In a document obtained by THISDAY yesterday, titled: “Brief on Potential Impact of Recent Higher Natural Gas Prices on Global Oil Demand,” the oil producers’ group, noted that the study was necessary given the recent rise in global natural gas prices, and the current low levels of natural storage in various hubs.
Various industry experts and institutions, including the Nigerian National Petroleum Corporation (NNPC), recently made statements to the effect that the rising gas prices might lead to its substitution with other fuels, especially petrol, resulting in higher crude oil prices by $10, according to the national oil company.
Natural gas serves as a fuel for industry, mainly for power generation in manufacturing, refining and petrochemicals and residential sectors, but the report focused only on potential implications for industry because of the technical limitations it poses for residents.
It noted that recently, natural gas spot prices have risen sharply in the United States to reach $5.17/mmbtu on 20 September, compared with $1.34/mmbtu a year ago, due to freezing weather seen in the first half of the year and supply disruptions due to extreme weather conditions, in particular Hurricane Ida.
In Europe, prices have also soared on myriad factors, including harsher winter season seen in the H1, 2021, interruptions of supplies from Russia, concerns about the slow certification process of Russia’s Nord Stream 2 gas pipeline to Europe, lower-than-average storage levels, record prices for carbon emissions, and limited renewable power output.

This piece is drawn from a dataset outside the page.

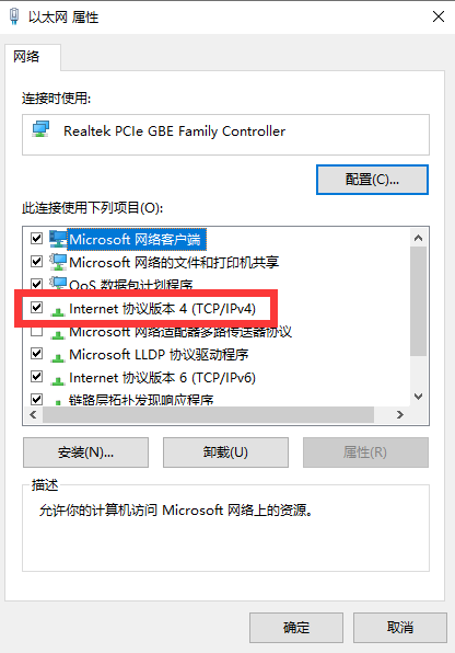 第四步:点击“lnternet协议版本 4(TCP/IPv4)”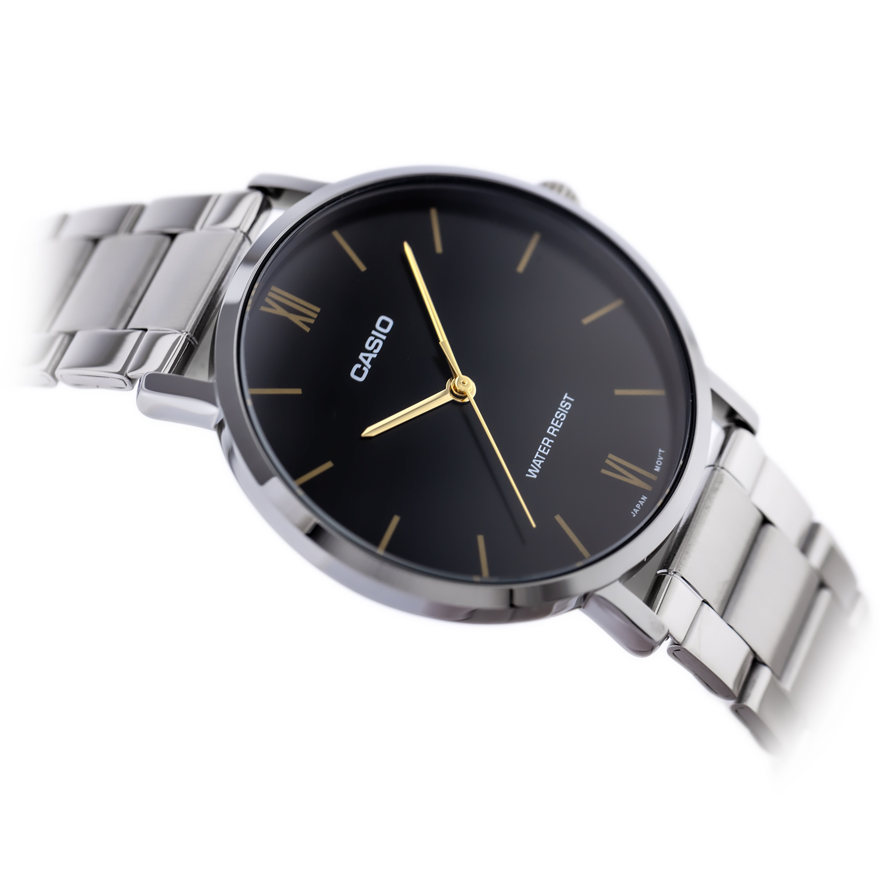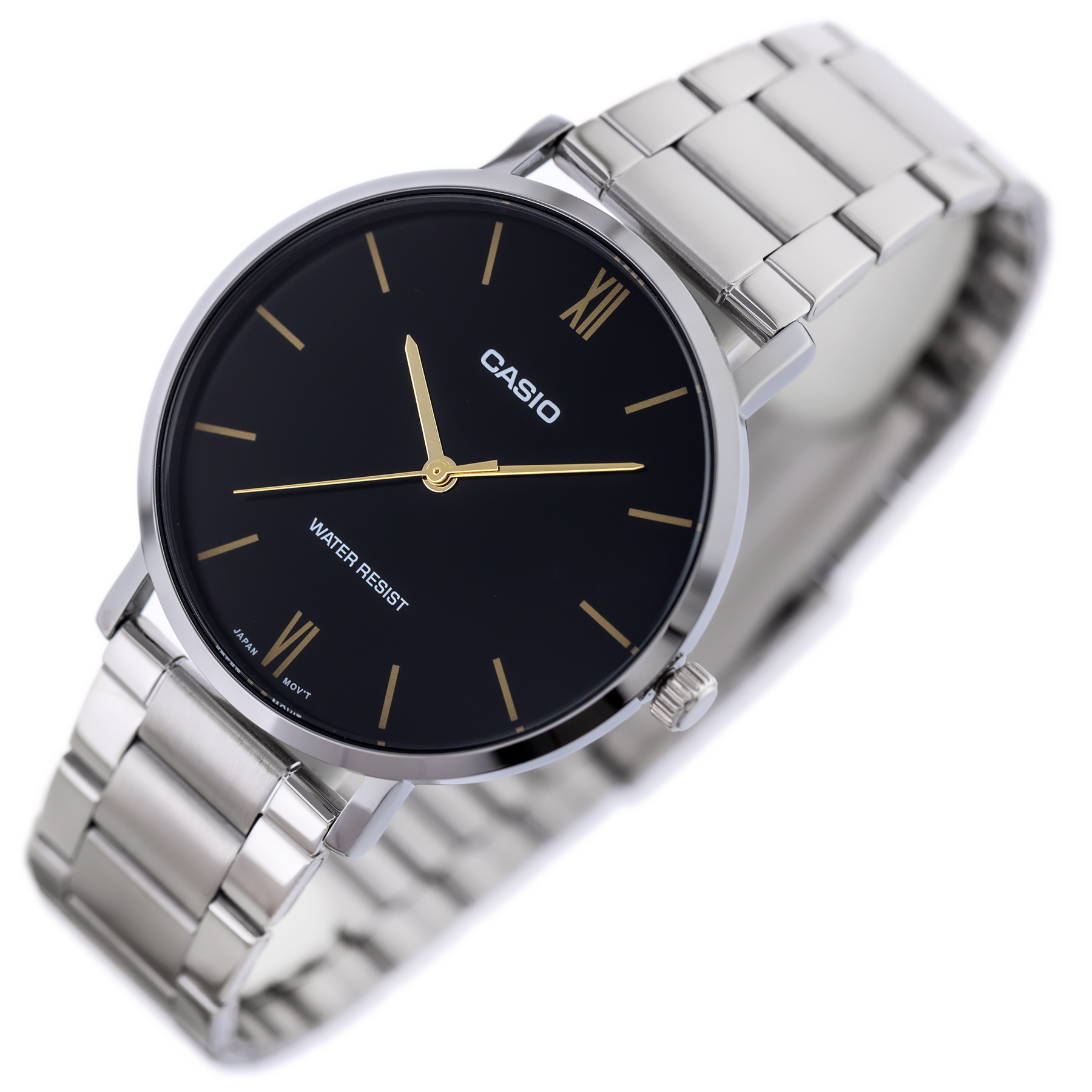 CASIO MTP-VT01D-1B men's watch is a combination of classic elegance and modern functionality that will make any man feel special. This model is a true tribute to minimalist design - its round black dial with subtle gold hands and indexes exudes calm and sophistication. The delicate silver envelope adds a touch of luxury, making it the perfect accessory for both a suit and casual outfits. This is a watch that not only shows the time, but also tells the story of your good taste.

Compared with $4/mmtu a year ago in South-west Europe, Liquefied Natural Gas (LNG) prices have soared to $25.70/mmbtu as of 20 September, according to Energy Intelligence, while current natural gas prices in Europe are equivalent to $150/b of crude oil.
The in-house document showed that hikes in natural gas prices incentivise substitution to more affordable fuels, indicating that switching from natural gas to LPG was already taking place as evidenced by reports of some refineries already feeding their furnaces with refinery LPG instead of natural gas.
OPEC stated that an important underlying assumption in its September 2021 market report is that weather conditions forecast for the upcoming winter months would be normal in line with the average of the past 20 years.
However, it noted that assuming a harsher winter in the upcoming winter months, which is from October 2021 through March 2022, it will sustain natural gas prices at high levels and incentivise more fuel switching from natural gas to fuel oil.
But the cartel noted that switching is expected only in certain parts of Europe and Asia, where movement from gas-fired to oil-fired power plants in the power generation sector and from natural gas to heating fuel, might occur.